(Task instructions): Retype the data exactly, from its first line to the line containing "STAINLESS STEEL CHARM", including both, and skip any picture.

(Given data):
**********
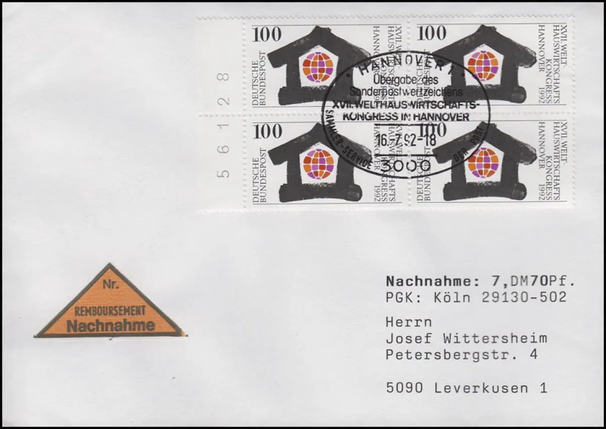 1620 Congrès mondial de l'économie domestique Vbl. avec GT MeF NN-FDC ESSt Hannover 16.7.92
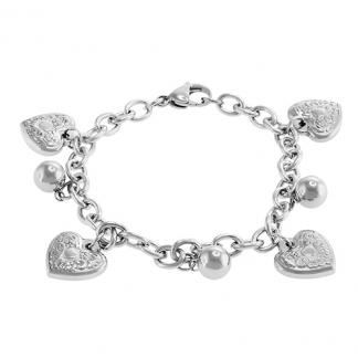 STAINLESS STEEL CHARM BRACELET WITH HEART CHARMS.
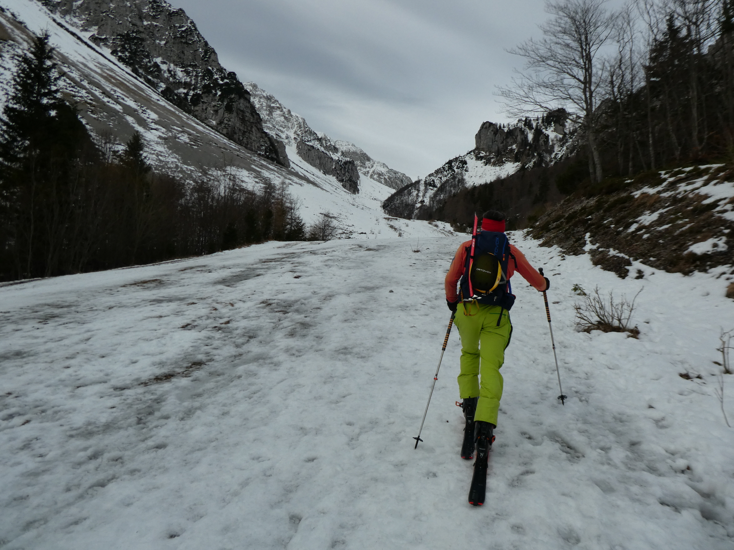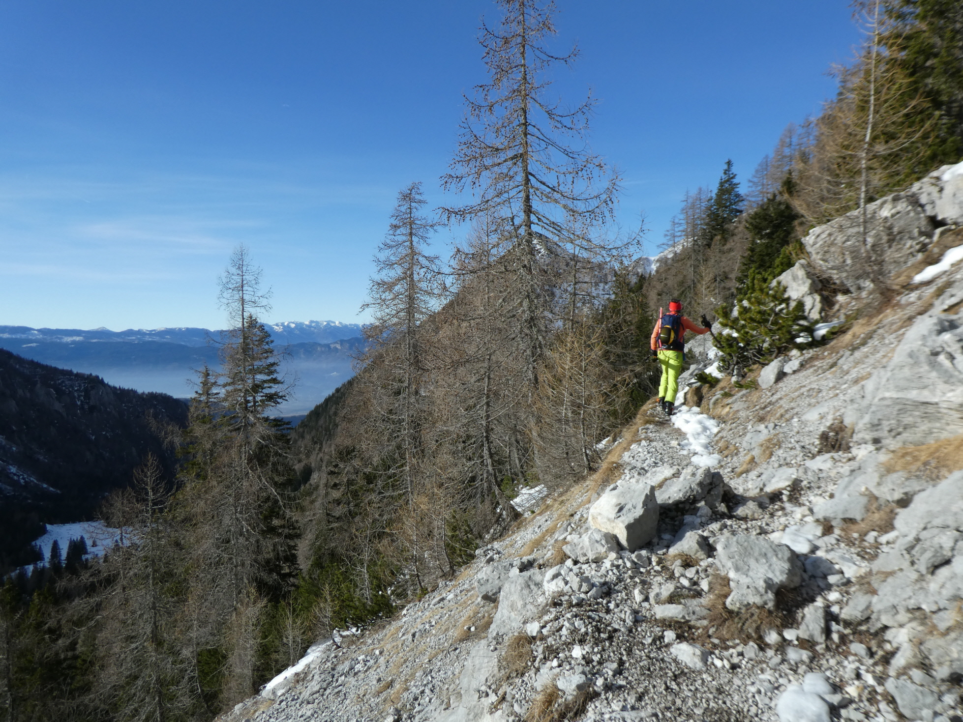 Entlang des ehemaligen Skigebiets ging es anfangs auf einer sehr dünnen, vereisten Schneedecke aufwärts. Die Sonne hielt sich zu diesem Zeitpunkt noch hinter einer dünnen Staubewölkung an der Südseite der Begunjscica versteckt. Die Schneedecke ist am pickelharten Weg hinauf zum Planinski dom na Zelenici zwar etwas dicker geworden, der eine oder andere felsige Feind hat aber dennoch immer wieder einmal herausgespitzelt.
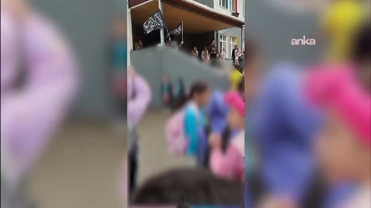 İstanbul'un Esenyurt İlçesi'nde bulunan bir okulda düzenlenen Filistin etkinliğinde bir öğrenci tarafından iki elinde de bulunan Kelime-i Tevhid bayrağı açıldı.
**********
(Output for this task):
 1620 Congrès mondial de l'économie domestique Vbl. avec GT MeF NN-FDC ESSt Hannover 16.7.92
 STAINLESS STEEL CHARM BRACELET WITH HEART CHARMS.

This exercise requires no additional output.